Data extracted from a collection
----------
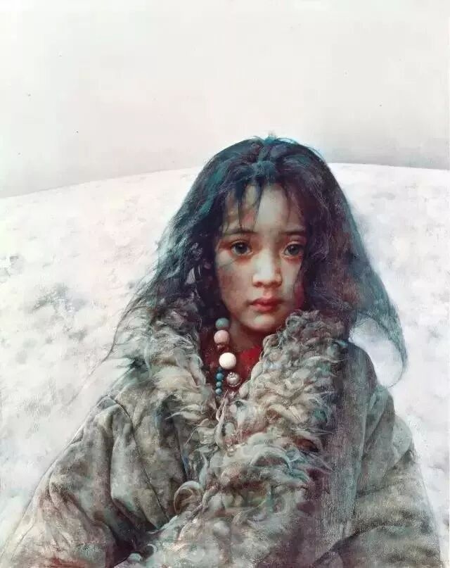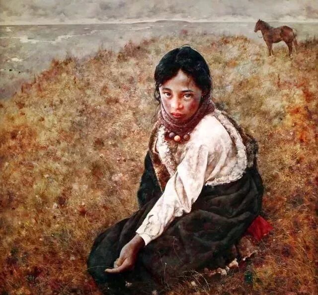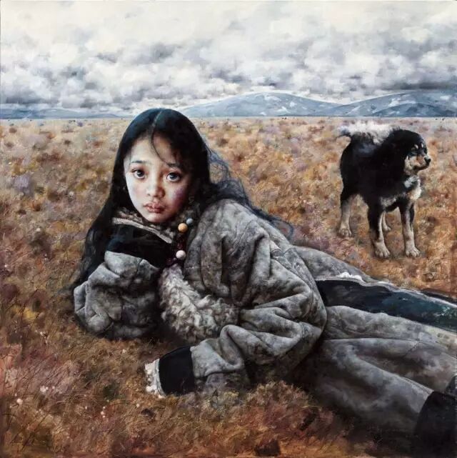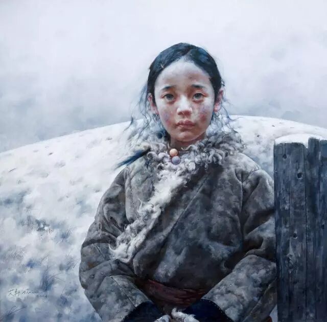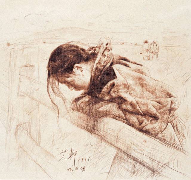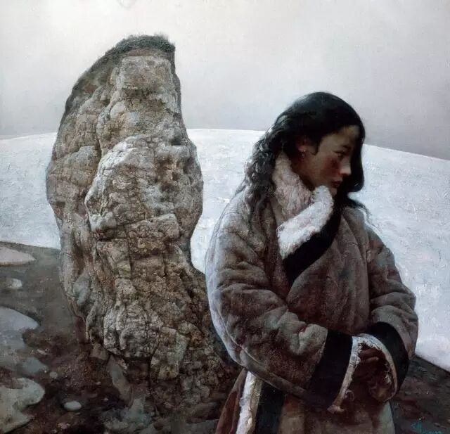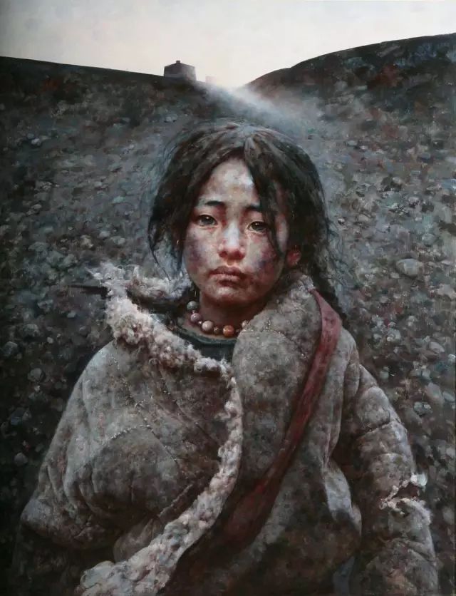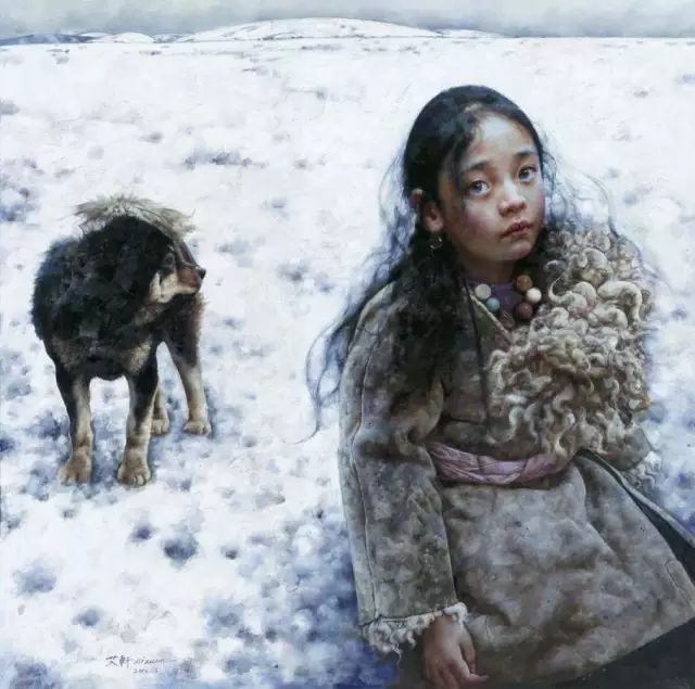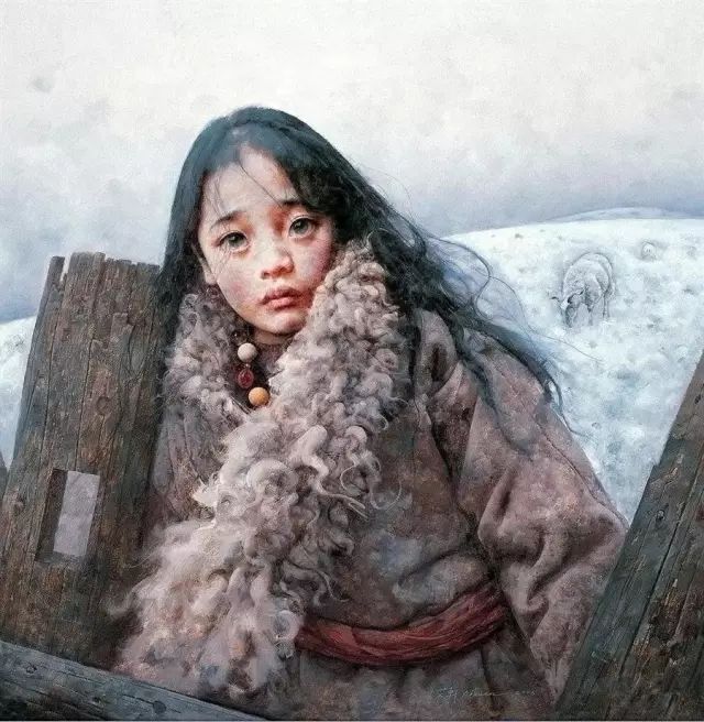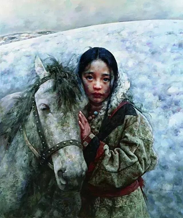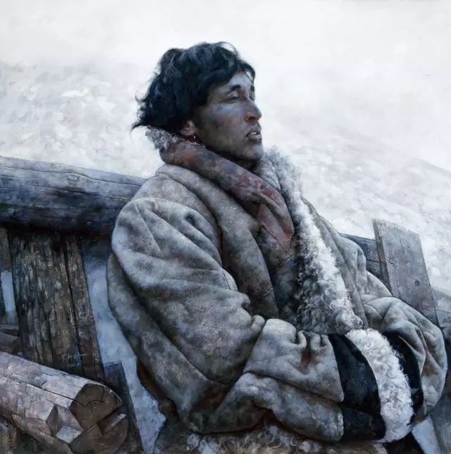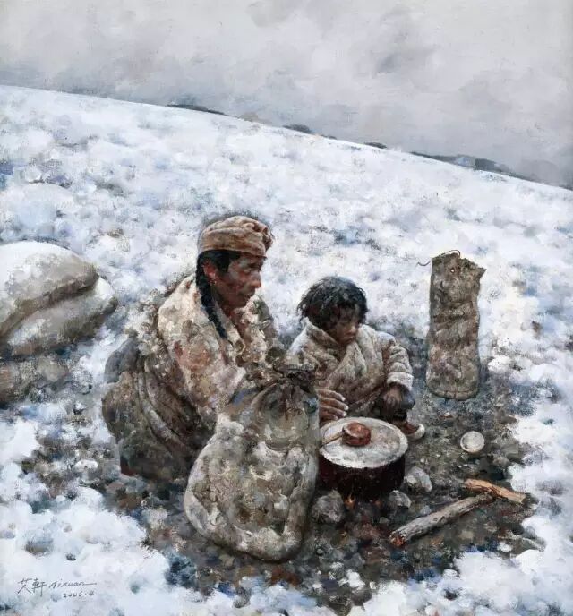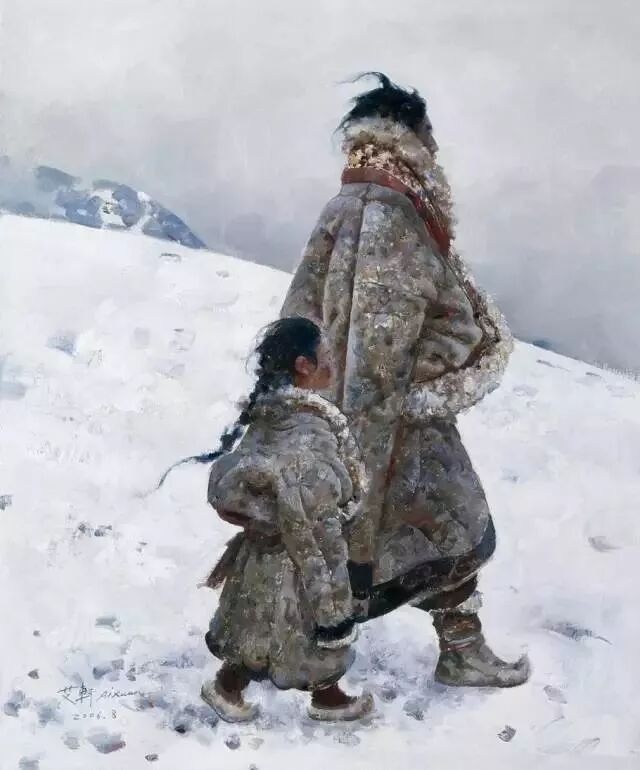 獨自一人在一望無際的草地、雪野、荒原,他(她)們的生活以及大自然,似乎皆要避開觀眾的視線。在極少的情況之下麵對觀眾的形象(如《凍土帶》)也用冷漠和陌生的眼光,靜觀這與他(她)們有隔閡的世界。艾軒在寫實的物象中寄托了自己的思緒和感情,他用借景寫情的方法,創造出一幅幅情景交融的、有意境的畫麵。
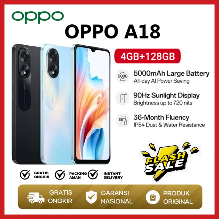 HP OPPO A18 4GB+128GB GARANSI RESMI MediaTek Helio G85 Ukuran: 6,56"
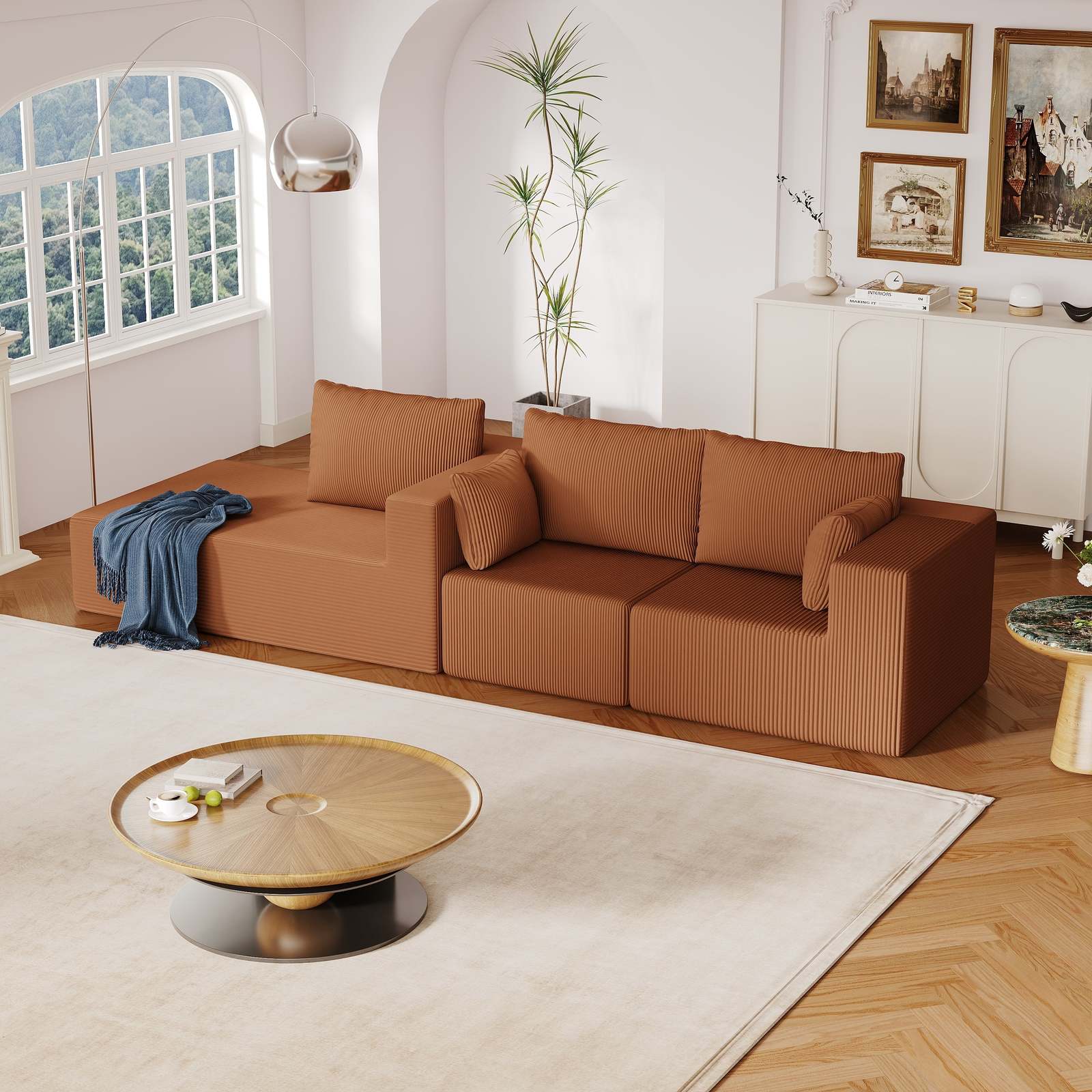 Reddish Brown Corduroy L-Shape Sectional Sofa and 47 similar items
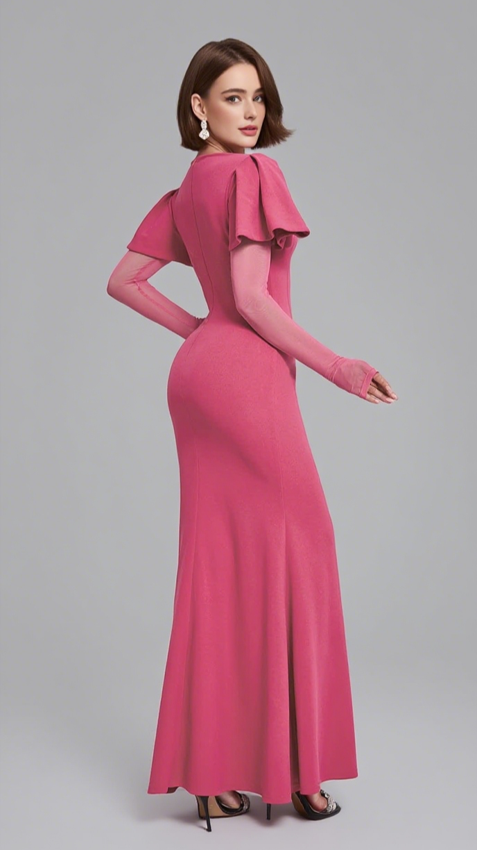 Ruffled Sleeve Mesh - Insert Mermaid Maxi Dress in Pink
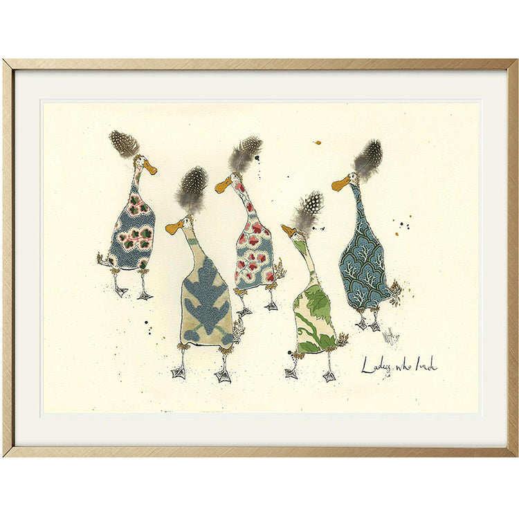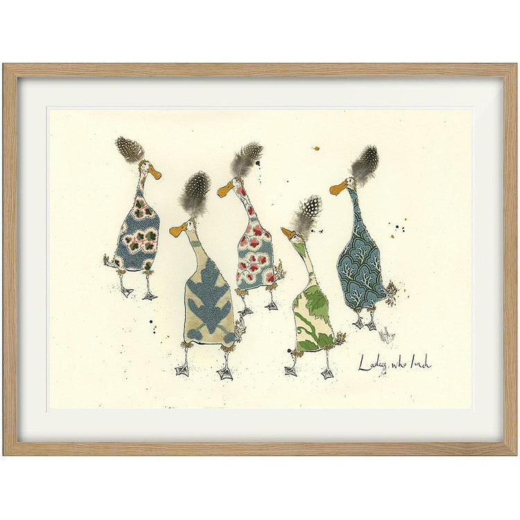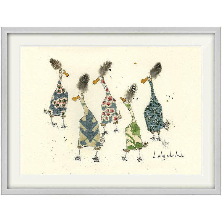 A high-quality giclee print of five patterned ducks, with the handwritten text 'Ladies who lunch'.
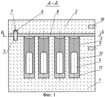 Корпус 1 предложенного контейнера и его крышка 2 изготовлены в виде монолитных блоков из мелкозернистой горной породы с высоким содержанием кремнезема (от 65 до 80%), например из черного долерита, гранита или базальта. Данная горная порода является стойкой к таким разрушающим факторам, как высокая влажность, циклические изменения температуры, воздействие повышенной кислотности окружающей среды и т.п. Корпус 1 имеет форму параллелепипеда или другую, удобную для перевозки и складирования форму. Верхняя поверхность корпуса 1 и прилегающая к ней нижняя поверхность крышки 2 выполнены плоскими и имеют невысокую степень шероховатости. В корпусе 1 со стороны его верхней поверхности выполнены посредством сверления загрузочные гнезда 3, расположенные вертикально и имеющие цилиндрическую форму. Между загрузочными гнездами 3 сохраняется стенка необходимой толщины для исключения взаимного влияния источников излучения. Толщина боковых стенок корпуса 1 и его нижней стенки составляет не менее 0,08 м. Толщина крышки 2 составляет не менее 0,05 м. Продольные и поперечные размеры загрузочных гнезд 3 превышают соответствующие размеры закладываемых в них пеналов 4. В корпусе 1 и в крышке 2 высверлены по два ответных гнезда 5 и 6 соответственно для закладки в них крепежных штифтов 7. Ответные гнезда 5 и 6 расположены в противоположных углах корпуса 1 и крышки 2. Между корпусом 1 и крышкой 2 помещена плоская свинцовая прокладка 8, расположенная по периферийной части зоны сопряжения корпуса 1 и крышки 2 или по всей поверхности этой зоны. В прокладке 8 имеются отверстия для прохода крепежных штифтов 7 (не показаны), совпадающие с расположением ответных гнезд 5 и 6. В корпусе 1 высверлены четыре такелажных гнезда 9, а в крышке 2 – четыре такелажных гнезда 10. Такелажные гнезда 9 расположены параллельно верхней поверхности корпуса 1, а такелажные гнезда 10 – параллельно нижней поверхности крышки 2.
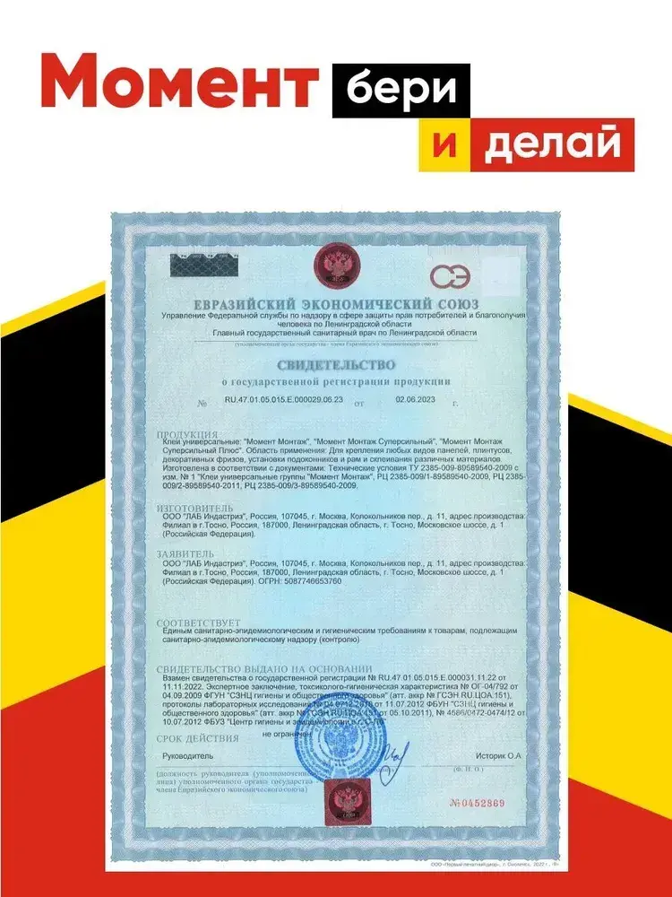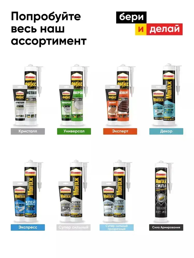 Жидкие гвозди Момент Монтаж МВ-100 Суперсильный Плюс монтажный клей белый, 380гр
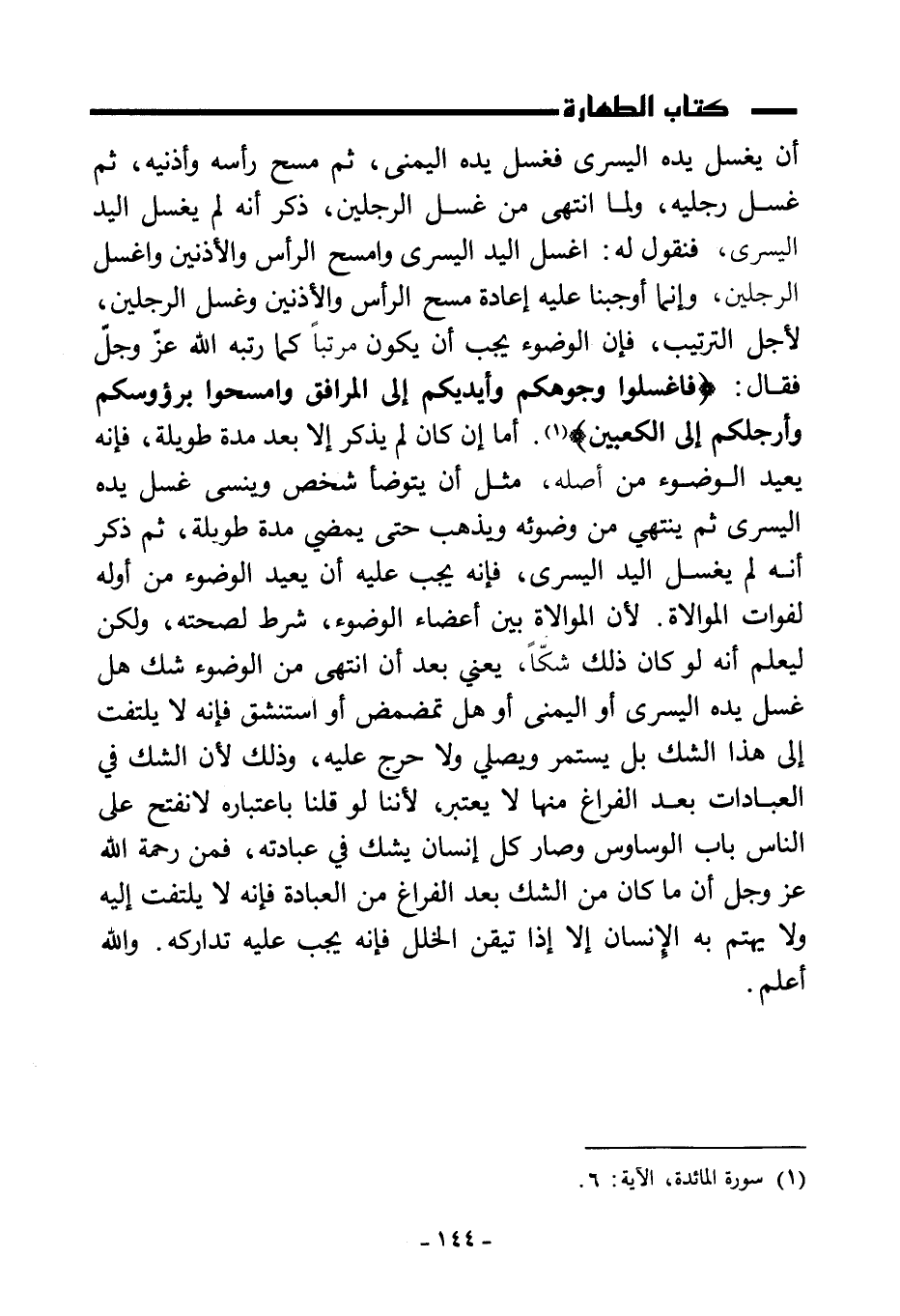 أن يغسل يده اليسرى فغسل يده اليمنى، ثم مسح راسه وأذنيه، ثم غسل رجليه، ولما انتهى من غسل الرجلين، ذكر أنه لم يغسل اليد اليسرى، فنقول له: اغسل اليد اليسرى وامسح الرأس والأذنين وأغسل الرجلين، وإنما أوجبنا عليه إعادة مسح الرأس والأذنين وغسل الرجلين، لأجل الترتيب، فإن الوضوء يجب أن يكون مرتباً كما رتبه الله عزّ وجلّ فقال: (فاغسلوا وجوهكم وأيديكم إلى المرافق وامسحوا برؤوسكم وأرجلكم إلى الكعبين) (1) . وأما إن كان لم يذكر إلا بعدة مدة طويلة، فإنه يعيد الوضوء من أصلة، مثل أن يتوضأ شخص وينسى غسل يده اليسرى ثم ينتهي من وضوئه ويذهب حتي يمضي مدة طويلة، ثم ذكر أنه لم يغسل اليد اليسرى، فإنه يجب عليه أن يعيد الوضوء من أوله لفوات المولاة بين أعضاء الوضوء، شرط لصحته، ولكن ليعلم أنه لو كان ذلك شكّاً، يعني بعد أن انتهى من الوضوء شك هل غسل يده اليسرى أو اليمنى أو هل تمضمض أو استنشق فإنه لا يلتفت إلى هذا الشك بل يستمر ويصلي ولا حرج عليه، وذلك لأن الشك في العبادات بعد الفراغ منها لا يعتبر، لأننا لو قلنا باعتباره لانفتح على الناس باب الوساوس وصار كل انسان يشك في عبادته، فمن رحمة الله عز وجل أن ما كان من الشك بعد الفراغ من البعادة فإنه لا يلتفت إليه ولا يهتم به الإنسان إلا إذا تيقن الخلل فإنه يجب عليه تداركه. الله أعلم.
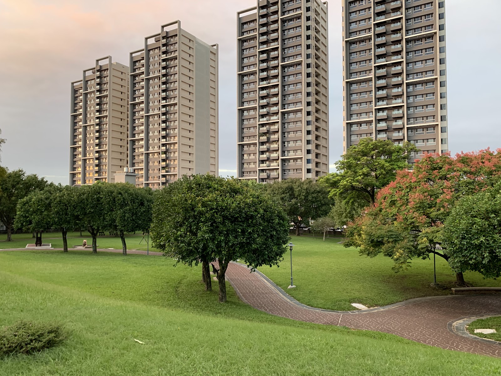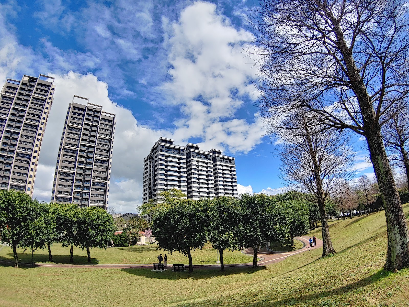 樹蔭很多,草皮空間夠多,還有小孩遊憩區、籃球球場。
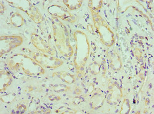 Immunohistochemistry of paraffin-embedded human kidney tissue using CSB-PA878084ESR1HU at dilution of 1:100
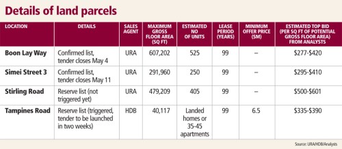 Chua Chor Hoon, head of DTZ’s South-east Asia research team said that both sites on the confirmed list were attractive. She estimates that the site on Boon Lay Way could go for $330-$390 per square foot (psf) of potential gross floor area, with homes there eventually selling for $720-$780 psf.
----------
TASK:
Look above for the line with "Ruffled Sleeve Mesh"; quote it and every line after it, stopping after the line with "A high-quality giclee", exactly, with nothing added and without pictures.

RESULT OF THE TASK:
 Ruffled Sleeve Mesh - Insert Mermaid Maxi Dress in Pink
 A high-quality giclee print of five patterned ducks, with the handwritten text 'Ladies who lunch'.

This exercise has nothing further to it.